Segment Open
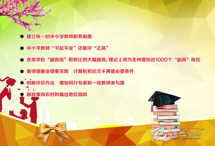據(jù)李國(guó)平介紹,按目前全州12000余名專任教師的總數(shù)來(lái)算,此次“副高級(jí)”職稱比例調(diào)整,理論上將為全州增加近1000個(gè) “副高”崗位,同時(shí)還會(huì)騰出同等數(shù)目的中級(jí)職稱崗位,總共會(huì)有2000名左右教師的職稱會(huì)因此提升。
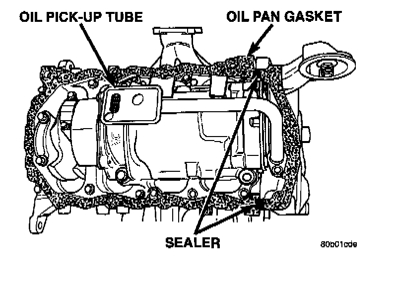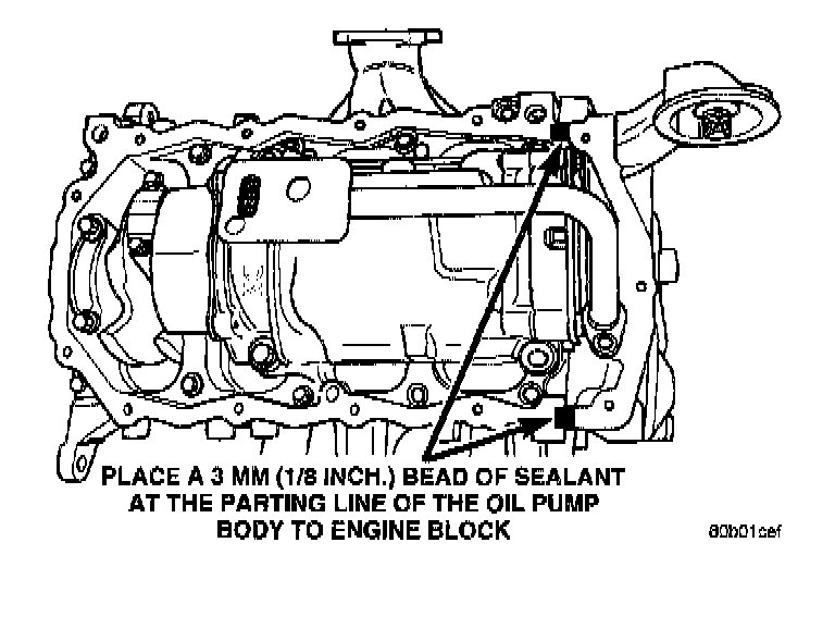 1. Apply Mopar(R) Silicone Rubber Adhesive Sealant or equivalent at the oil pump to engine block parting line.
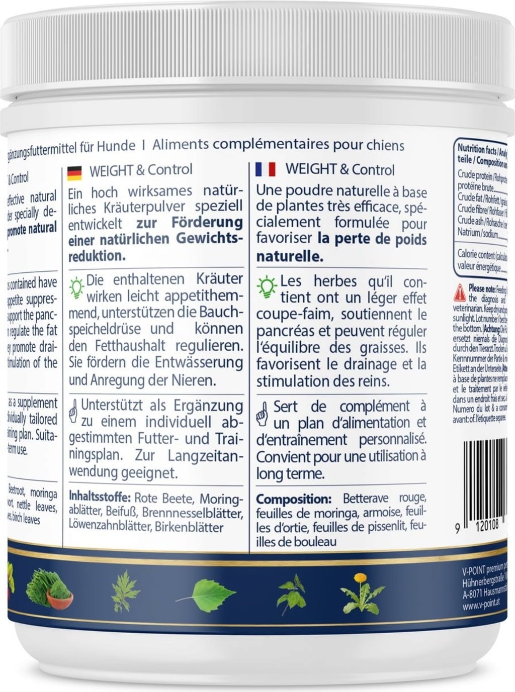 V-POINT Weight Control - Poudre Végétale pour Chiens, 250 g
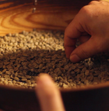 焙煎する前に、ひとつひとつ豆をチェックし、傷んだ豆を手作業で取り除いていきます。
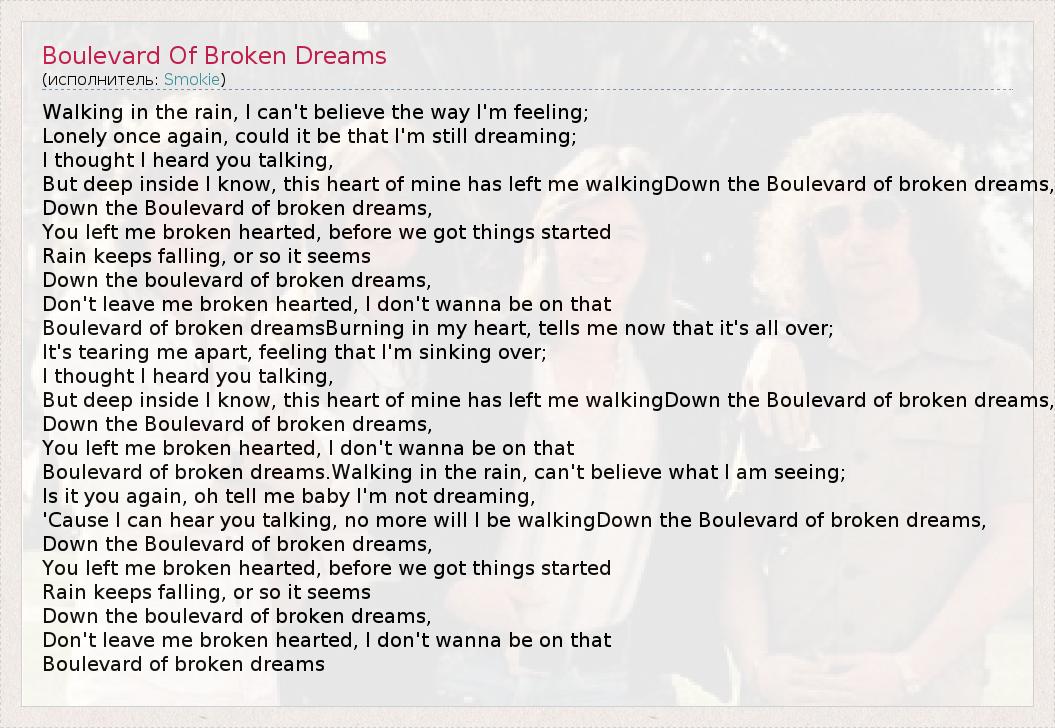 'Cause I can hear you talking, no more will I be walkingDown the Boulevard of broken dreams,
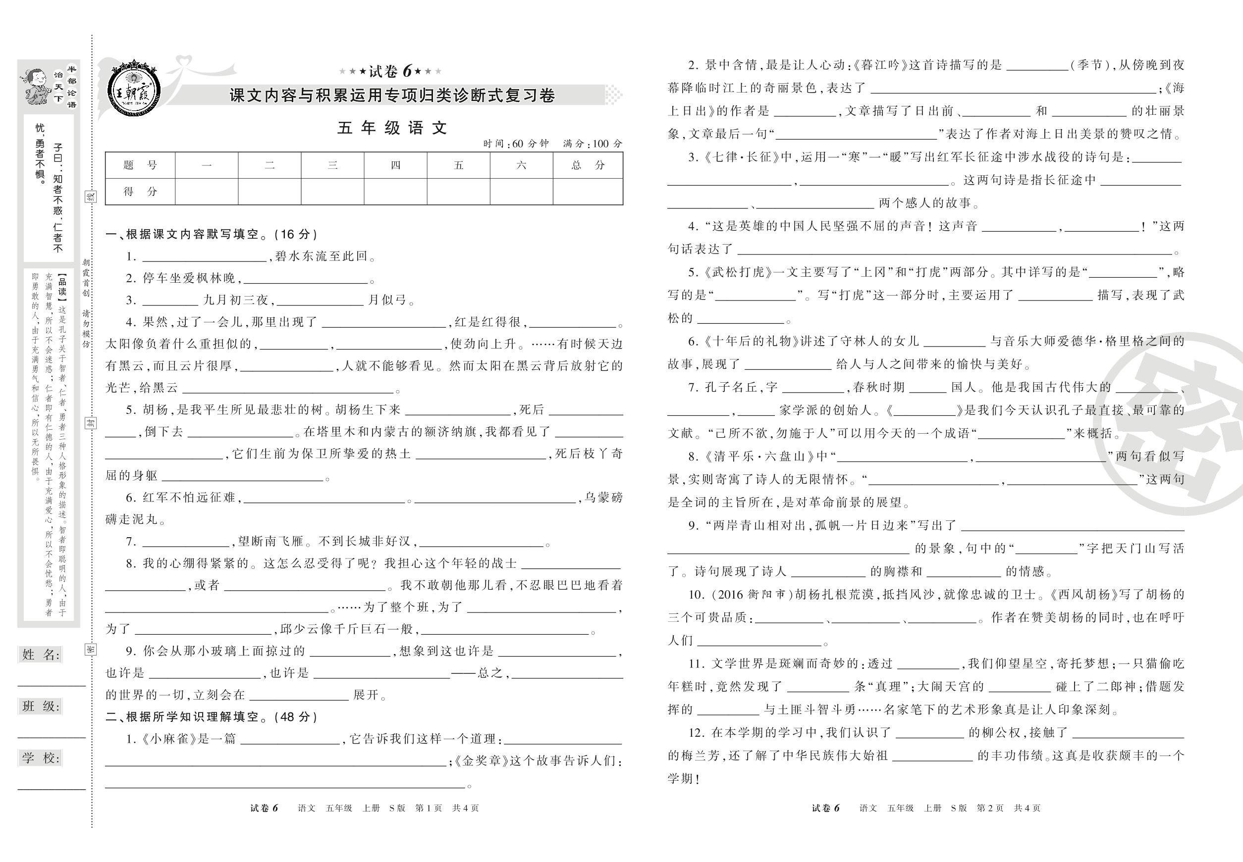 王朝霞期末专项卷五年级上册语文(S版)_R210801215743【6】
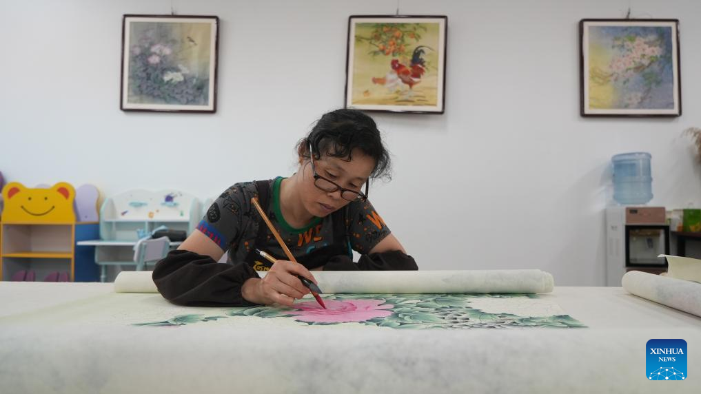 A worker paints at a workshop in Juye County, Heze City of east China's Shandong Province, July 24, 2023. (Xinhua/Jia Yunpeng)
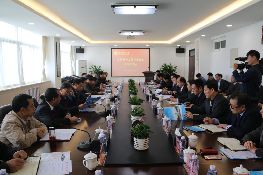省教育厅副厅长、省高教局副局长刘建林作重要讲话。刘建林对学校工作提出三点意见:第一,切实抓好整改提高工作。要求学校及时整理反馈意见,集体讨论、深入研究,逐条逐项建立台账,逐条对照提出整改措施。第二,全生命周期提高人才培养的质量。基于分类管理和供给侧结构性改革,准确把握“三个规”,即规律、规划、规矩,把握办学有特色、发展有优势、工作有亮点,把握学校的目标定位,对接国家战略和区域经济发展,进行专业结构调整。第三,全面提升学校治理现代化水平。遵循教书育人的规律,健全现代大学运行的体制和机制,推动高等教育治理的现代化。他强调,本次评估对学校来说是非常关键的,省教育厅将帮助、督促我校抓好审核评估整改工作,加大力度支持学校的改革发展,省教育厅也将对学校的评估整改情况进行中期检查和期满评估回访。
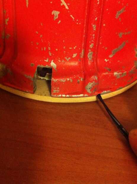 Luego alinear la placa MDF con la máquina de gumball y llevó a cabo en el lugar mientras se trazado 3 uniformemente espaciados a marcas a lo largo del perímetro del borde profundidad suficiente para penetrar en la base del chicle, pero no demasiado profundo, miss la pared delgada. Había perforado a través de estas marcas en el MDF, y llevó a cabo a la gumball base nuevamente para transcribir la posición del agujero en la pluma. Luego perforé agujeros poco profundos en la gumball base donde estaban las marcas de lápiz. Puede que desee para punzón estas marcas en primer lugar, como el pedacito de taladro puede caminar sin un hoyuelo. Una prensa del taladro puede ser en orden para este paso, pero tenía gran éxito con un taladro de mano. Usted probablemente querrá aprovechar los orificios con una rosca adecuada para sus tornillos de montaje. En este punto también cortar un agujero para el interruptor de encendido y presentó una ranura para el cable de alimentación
Segment Closed
Segment Open
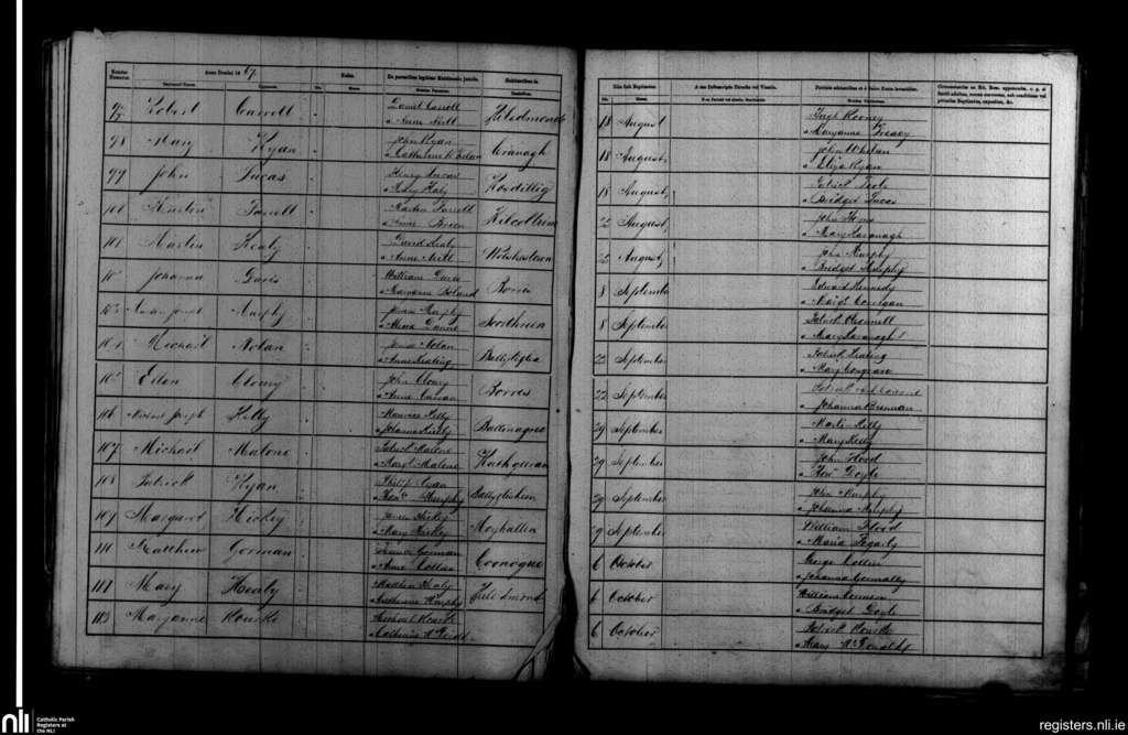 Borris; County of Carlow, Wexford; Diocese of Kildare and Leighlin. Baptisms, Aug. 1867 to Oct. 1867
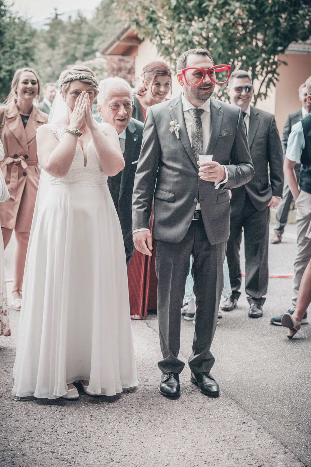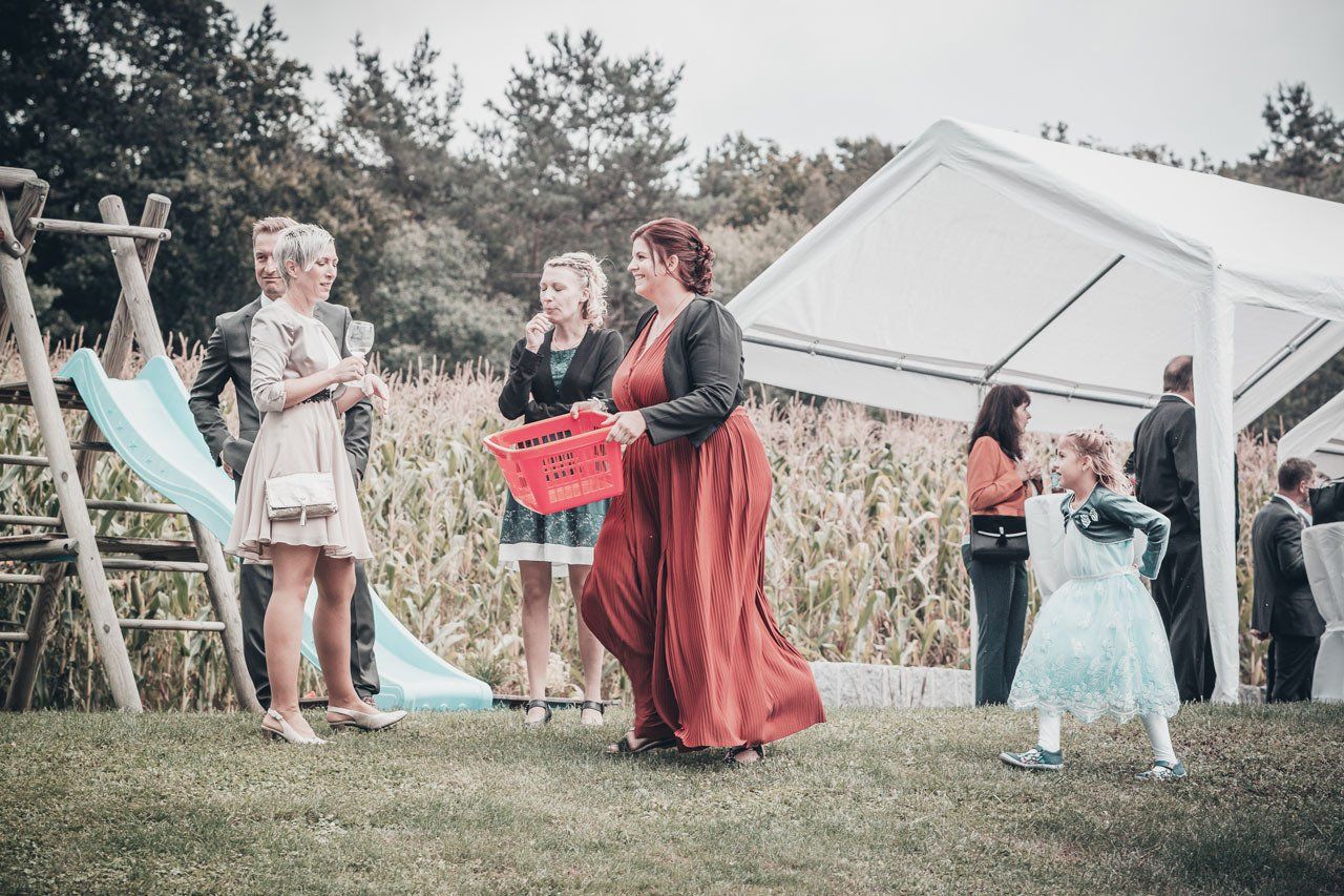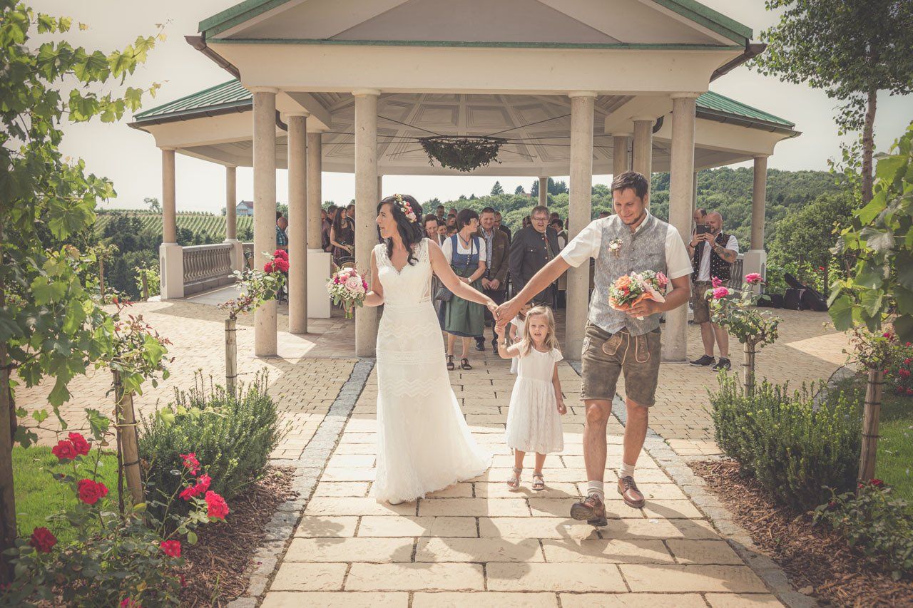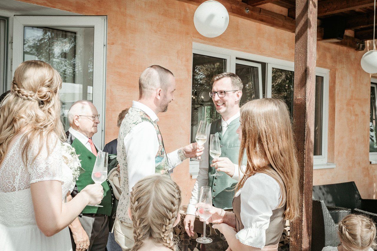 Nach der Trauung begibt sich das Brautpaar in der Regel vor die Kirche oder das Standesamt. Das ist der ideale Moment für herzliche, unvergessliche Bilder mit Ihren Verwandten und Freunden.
Segment Closed
Segment Open
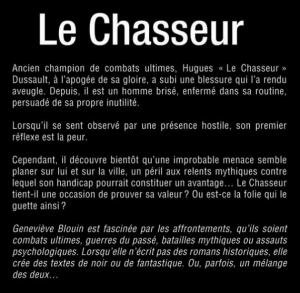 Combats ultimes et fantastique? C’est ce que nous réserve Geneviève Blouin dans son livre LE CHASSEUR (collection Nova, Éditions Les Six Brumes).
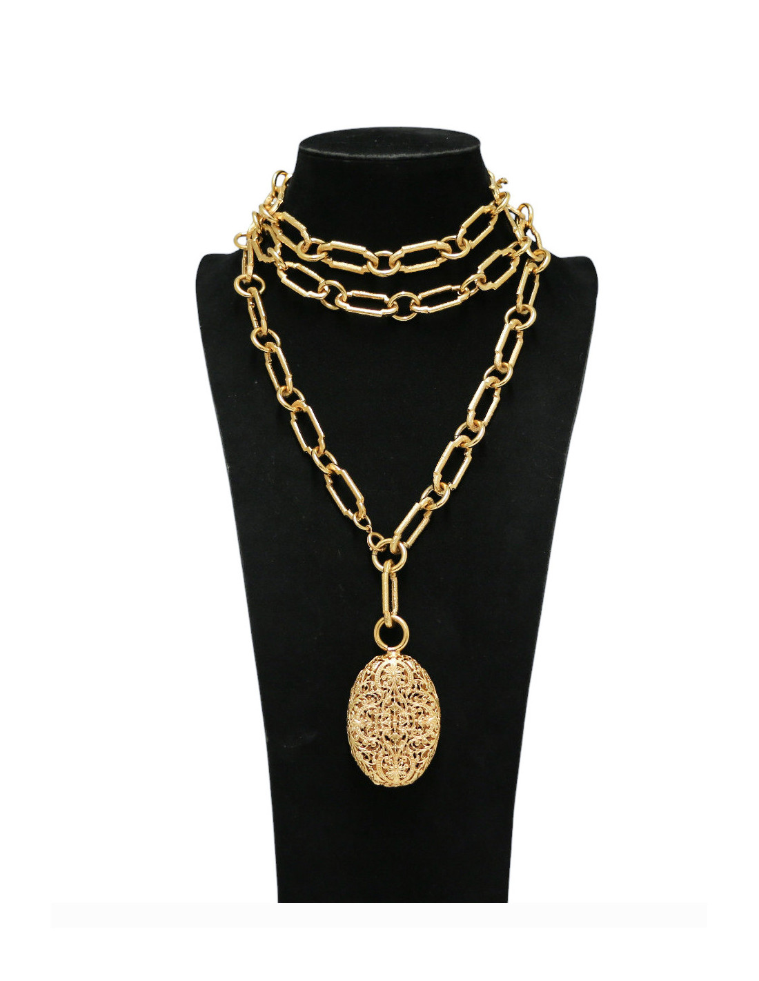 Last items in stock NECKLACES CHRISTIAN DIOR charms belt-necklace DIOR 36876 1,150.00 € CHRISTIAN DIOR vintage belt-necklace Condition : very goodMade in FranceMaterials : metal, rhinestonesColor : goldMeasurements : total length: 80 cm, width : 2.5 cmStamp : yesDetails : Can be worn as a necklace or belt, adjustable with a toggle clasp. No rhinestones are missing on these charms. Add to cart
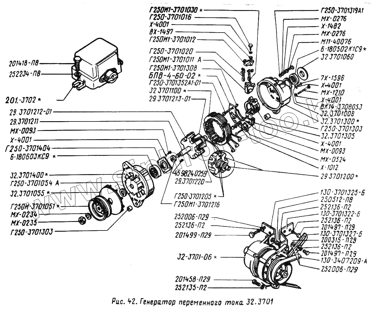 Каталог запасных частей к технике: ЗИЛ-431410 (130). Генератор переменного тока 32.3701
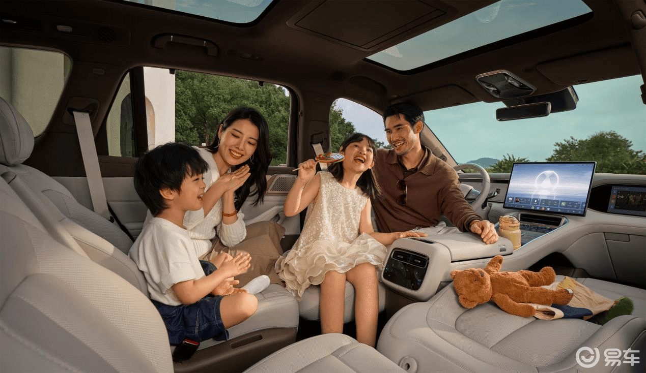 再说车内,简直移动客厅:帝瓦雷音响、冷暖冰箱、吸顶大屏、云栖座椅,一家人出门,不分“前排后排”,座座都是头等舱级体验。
Segment Closed
▶ Problem details
Leaving out all pictures, set down exactly the lines of the material above, from the line with "1. Apply Mopar(R)" to the line with "焙煎する前に、ひとつひとつ豆" inclusive, and no others.

▶ Written reply
 1. Apply Mopar(R) Silicone Rubber Adhesive Sealant or equivalent at the oil pump to engine block parting line.
 V-POINT Weight Control - Poudre Végétale pour Chiens, 250 g
 焙煎する前に、ひとつひとつ豆をチェックし、傷んだ豆を手作業で取り除いていきます。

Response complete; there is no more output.